Por eso, se escribió muy providencialmente: El que desprecia las cosas pequeñas poco a poco caerá Pues son los hombres tan amantes de esta vida que dudan en anteponerla a la verdad, para que un hombre no muera; es más, para retrasar un poco la muerte de un hombre mortal no solo quieren que mintamos, sino también que perjuremos, de modo que, para que no pase algo más de prisa la vida vana del hombre, ¿quieren que tomemos en vano el nombre del Señor Dios? Y hasta hay entre ellos sabios que establecen y fijan reglas sobre cuándo se debe y cuándo no se debe perjurar.
¿O dónde estáis, manantiales de lágrimas? ¿Qué haremos? ¿A dónde iremos? ¿Dónde nos esconderemos de la ira de la verdad, si no solo descuidamos evitar la mentira, sino que incluso nos atrevemos a enseñar el perjurio? Vean, pues, estos patrocinadores y adelantados de la mentira qué categorías y qué clases de mentiras les place justificar. Concedan, al menos, que no se puede mentir en lo que atañe al culto divino. Absténganse, por lo menos, de las blasfemias y los falsos juramentos. 

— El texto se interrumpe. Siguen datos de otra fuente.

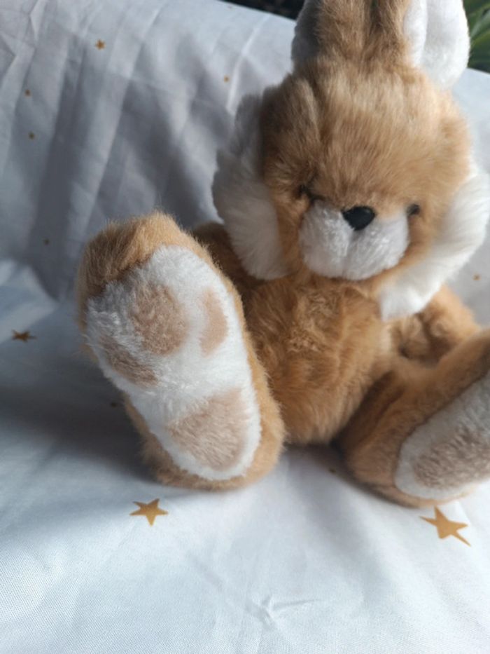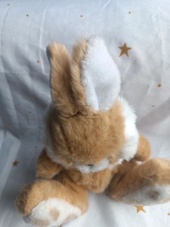 Peluche plush vth ajena lapin bunnies Bunny beige marron assis sit pâques en très bel état pour son âge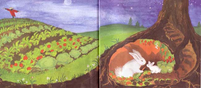 From Runaway Bunny, copyright Harper and Row, 1942. In this image, the final pages of Runaway Bunny, the bunny and his mother return to their home after many adventures through the imagination. Again, the gently rounded hillsides and warm greens, blues, and oranges represent a safe and stable place. In our story, the settings are generally smooth and are made up of light colors, generally green and blue. This is because the story is set in a fun but safe and comfortable world. Also, green and blue bring up images of nature and growth, positive and enjoyable thoughts. In addition, the smooth, round, green island can be contrasted with the jagged sea.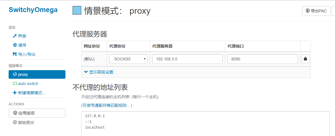 浏览器chrome+SwitchyOmega 代理参数配置 socks5 192.168.3.5:8080

Que, al menos cuando entre de por medio el nombre de Dios, o poner a Dios por testigo, o el misterio divino, o cuando se trata de exponer o plantar la divina religión, nadie mienta, nadie alabe, nadie enseñe ni recomiende ni nadie diga que la mentira es justa. Y el que acepte que se ha de mentir, que elija para sí, entre todas las clases de mentiras, la que juzgue más leve e inocente de todas. Esto es lo que yo sé: que, incluso, el que enseña que conviene mentir, quiere ser tenido por maestro de la verdad. Porque si es falso lo que enseña, ¿quién podría dedicarse con afán a una falsa doctrina, con la que engaña el que enseña y el que aprende es engañado? Y, si afirma que enseña la verdad, para hacerse con algún discípulo, cuando enseña que se debe mentir, ¿cómo puede venir esa mentira de la verdad, pues contra eso clama el apóstol Juan: Ninguna mentira puede venir de la verdad?  No es, pues, verdad que alguna vez se pueda mentir, y lo que no es verdadero no se puede aconsejar a nadie en absoluto.